## EXERCISE DESCRIPTION
Task for the records below: please retype exactly and only the lines from the first through the one with "锈烂蝰蛇是一张3费的中立随从", with every picture omitted.

┌─ INFORMATION GIVEN

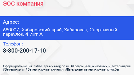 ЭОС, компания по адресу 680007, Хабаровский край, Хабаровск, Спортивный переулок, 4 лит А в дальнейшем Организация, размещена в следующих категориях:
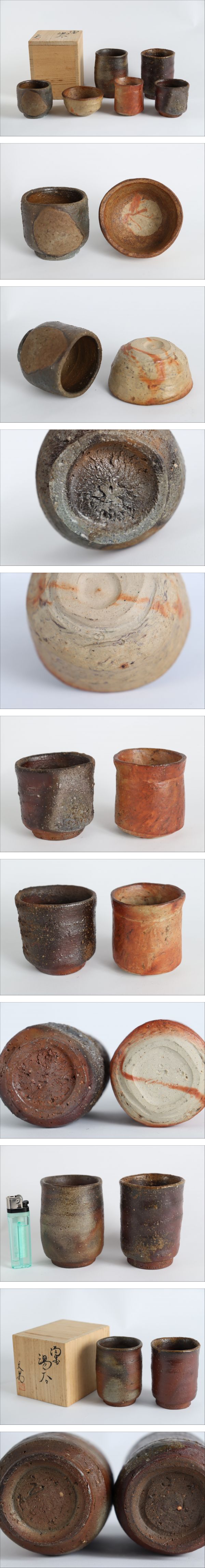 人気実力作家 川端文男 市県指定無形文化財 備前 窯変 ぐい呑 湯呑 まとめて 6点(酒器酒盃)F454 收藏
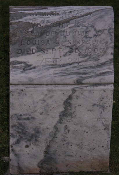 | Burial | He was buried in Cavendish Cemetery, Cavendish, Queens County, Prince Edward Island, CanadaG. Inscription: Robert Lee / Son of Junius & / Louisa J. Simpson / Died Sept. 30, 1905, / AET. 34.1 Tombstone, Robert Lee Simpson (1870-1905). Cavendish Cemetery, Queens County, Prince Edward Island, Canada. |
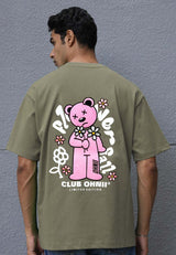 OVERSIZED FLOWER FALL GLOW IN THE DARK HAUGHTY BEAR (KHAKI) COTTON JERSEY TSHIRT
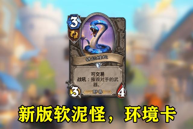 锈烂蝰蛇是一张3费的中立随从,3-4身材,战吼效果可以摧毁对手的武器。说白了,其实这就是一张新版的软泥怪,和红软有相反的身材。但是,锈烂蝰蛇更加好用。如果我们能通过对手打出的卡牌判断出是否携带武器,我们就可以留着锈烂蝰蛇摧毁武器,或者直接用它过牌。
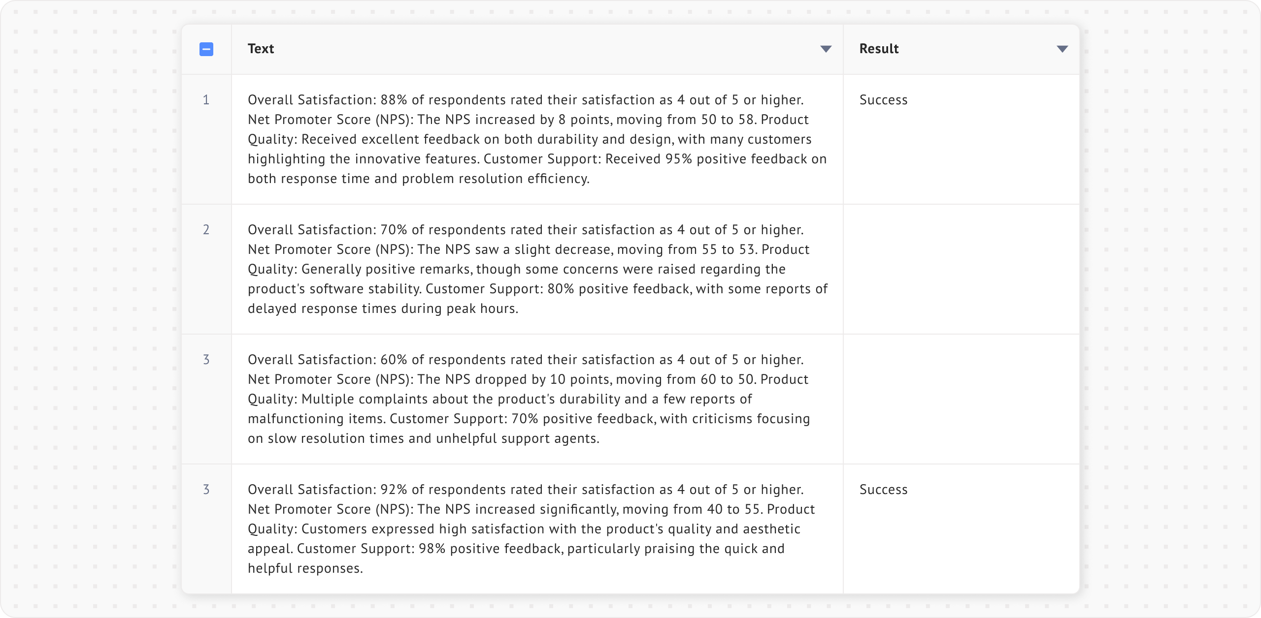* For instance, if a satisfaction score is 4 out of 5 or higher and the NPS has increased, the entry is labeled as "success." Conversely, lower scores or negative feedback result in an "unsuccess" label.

└─

## TASK OUTPUT
 ЭОС, компания по адресу 680007, Хабаровский край, Хабаровск, Спортивный переулок, 4 лит А в дальнейшем Организация, размещена в следующих категориях:
 人気実力作家 川端文男 市県指定無形文化財 備前 窯変 ぐい呑 湯呑 まとめて 6点(酒器酒盃)F454 收藏
 | Burial | He was buried in Cavendish Cemetery, Cavendish, Queens County, Prince Edward Island, CanadaG. Inscription: Robert Lee / Son of Junius & / Louisa J. Simpson / Died Sept. 30, 1905, / AET. 34.1 Tombstone, Robert Lee Simpson (1870-1905). Cavendish Cemetery, Queens County, Prince Edward Island, Canada. |
 OVERSIZED FLOWER FALL GLOW IN THE DARK HAUGHTY BEAR (KHAKI) COTTON JERSEY TSHIRT
 锈烂蝰蛇是一张3费的中立随从,3-4身材,战吼效果可以摧毁对手的武器。说白了,其实这就是一张新版的软泥怪,和红软有相反的身材。但是,锈烂蝰蛇更加好用。如果我们能通过对手打出的卡牌判断出是否携带武器,我们就可以留着锈烂蝰蛇摧毁武器,或者直接用它过牌。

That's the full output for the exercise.